That's why it has been standard practice for Presidential candidates and aspirants to release taxes and other financial disclosures before elections, and why it was such a big deal that Trump didn't.
I think that it should be law that the finances of the people at these levels of governence (maybe even down to the city level) be open to the public to review.
I didn't know that. I'm just completely speculating right now, but I wonder if that has something to do with Jared Kushner's denied security clearance. [1]
Does that apply to the President? (At this point it seems clear that nothing applies to the president; let’s hope to god that someone makes a new amendment for that.)
The president (and other elected positions) are carved out of those kinds of requirements: requiring an elected official to "pass" a background test created by unelected public servants amounts to an unintended check on representative democracy.
To be clear: we absolutely should require that elected officials disclose their finances.

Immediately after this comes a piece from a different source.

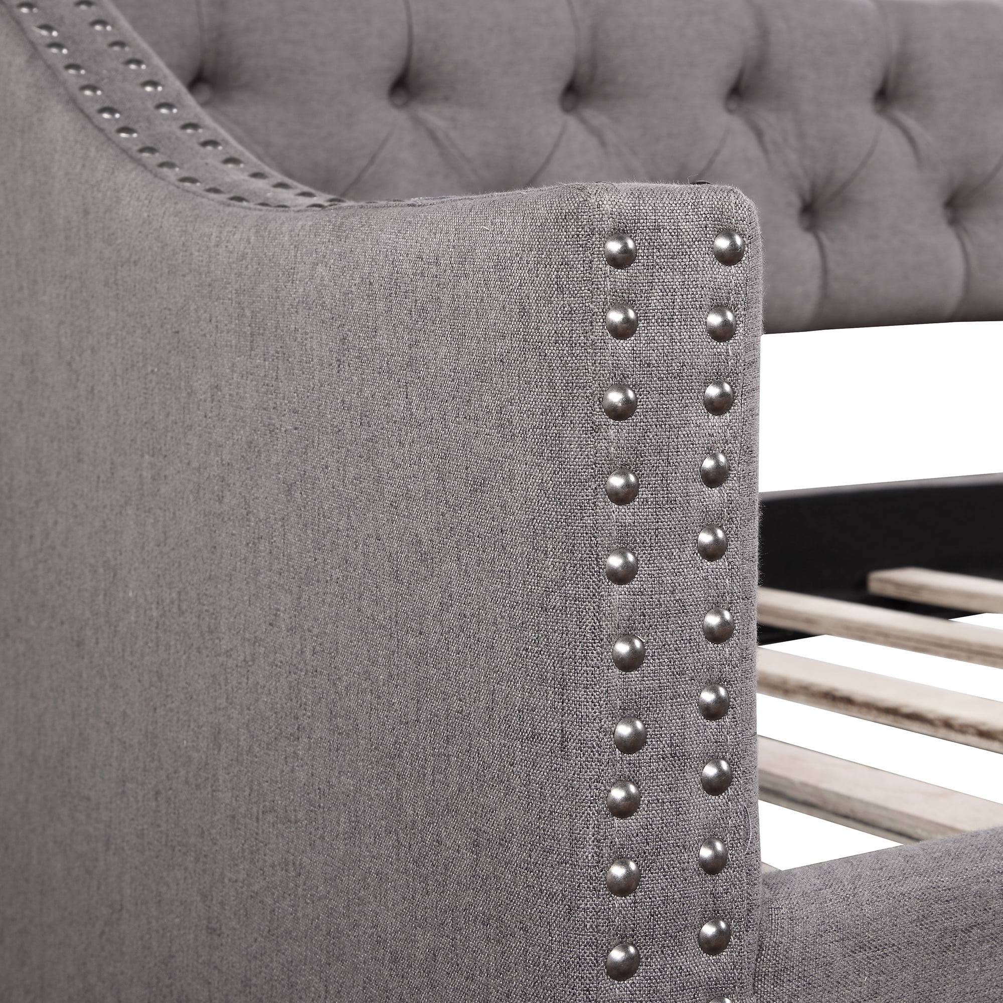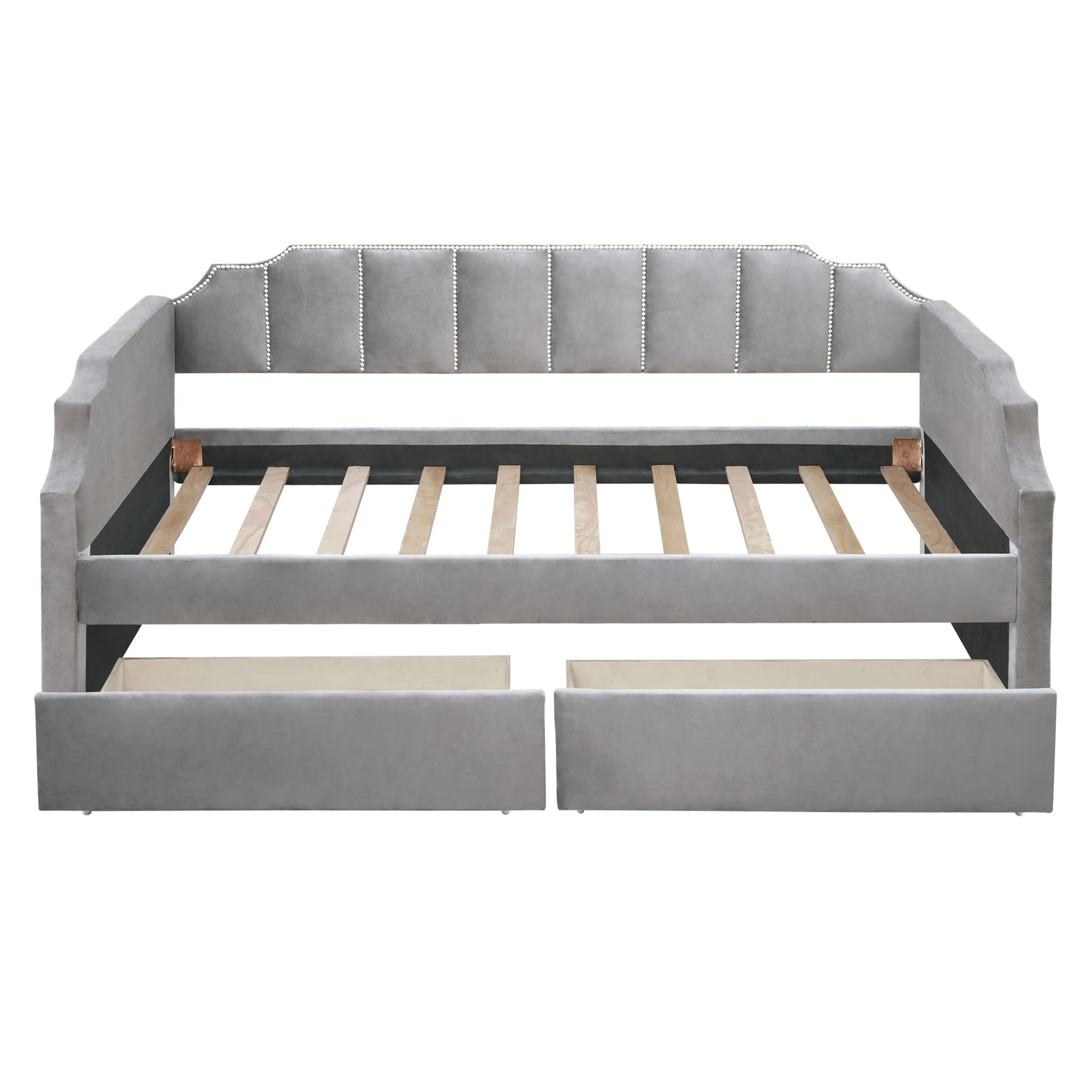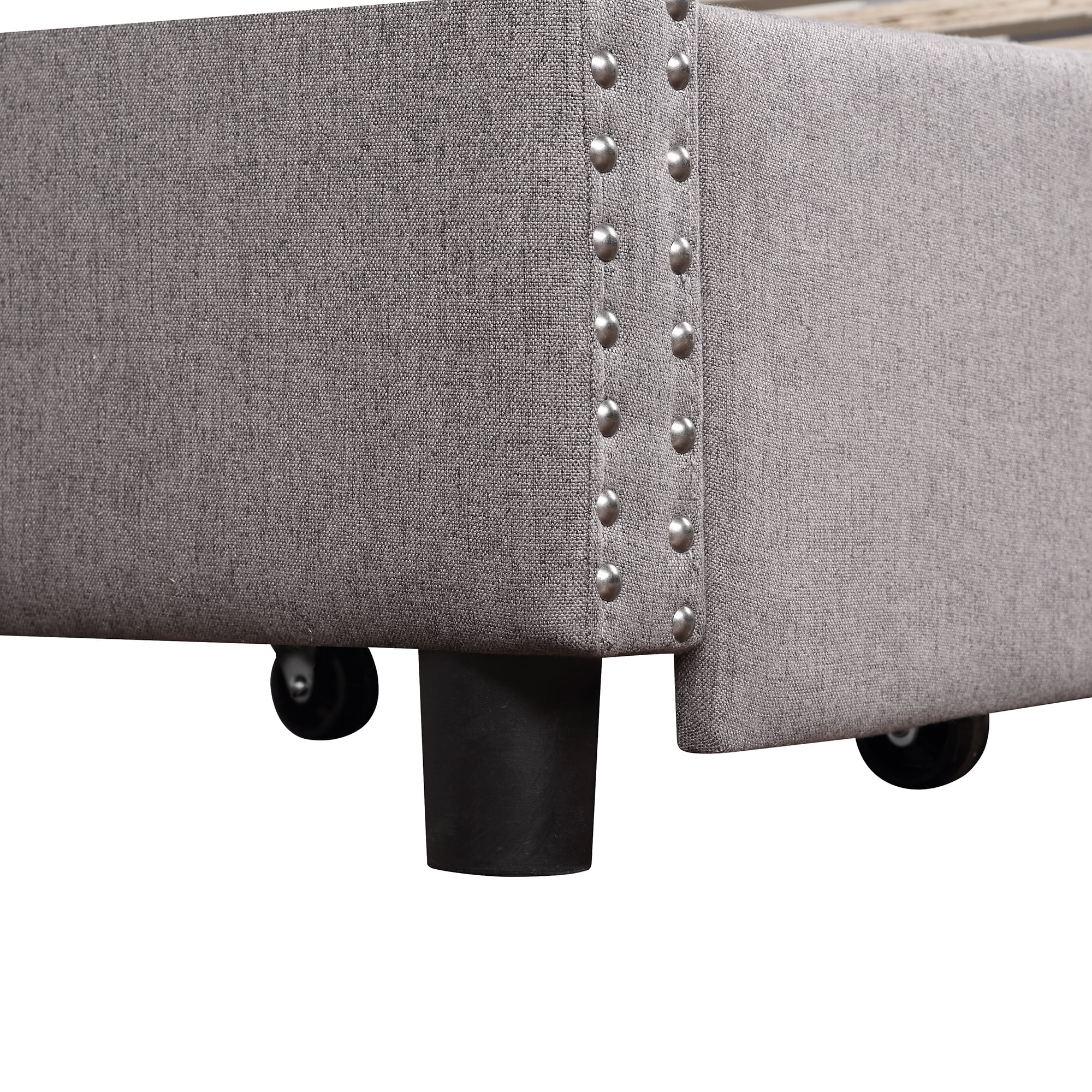Gray Twin Size Upholstered Daybed with Two Drawers, Wood Slat Support

But we shouldn't require them to be vetted through a mostly unaccountable process after they've been elected.
In particular, because the President is the source of classification authority, the oversight functions that would normally be fulfilled by financial disclosures on forms like the SF-86 have traditionally been fulfilled by the electorate. The financial disclosures are part of the process of ensuring that people entrusted with national security information are "reliable, trustworthy, of good conduct and character, and loyal to the U.S." Candidates releasing their tax returns is a (less rigorous) process aimed at the same thing.